Submitted by Wendell Potter on November 17, 2011 - 1:45pm

<snip>One Sick Employee Leads Insurers to Jack Up Rates for All

One of the reasons for that decline is the common practice of "purging" (again, their word, not mine). Insurers routinely purge small businesses from their rolls when an employee gets sick and has high medical expenses. All it takes is one worker at a small company to get seriously sick or injured for an insurance company to jack up rates so high the employer has no choice but to drop coverage for all employees and their dependents.

Even if their employers continue to offer coverage, more and more workers are taking a pass because they can't afford their share of the premiums. This, plus the fact that insurers have refused to sell coverage to people with preexisting conditions, explains why the number of Americans without coverage now exceeds 50 million.
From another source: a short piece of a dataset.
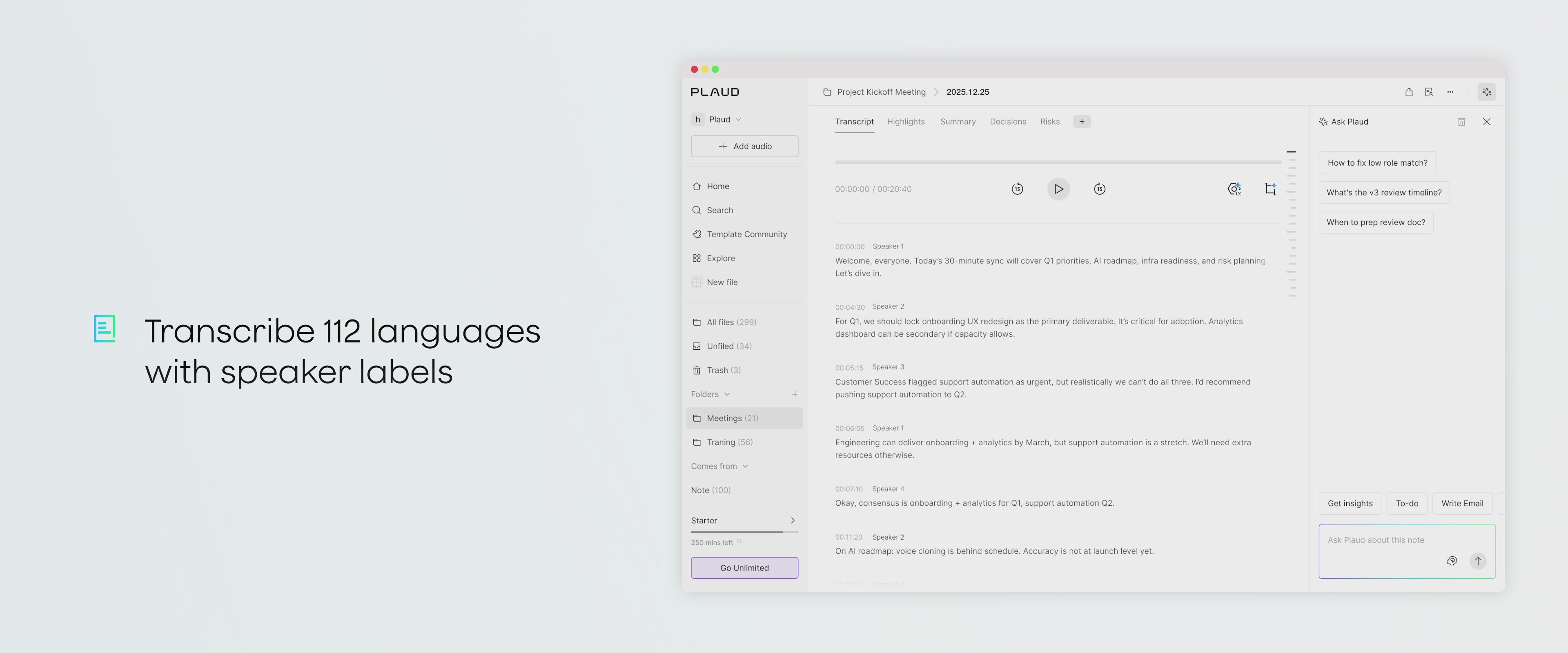 - Ask Plaud: Turn every question into a trustworthy answer.

Insurers have continued to be profitable, but those profits will soon start to decline sharply because of another penny-wise but pound-foolish practice: shifting more and more of the cost of care from them to us by moving us into high-deductible policies. Absent a mandate requiring that we purchase coverage, more and more of us will come to realize that these policies are not worth the premiums we have to pay for them.

A recent study by the Commonwealth Fund found that 30 million Americans are now underinsured as a result of being enrolled in policies that require them to pay more out of their own pockets for care than they can afford. Increasing numbers of those Americans are consequently resorting to another inefficient practice: foregoing needed care. In doing so, they are running the risk of needing more expensive care down the road.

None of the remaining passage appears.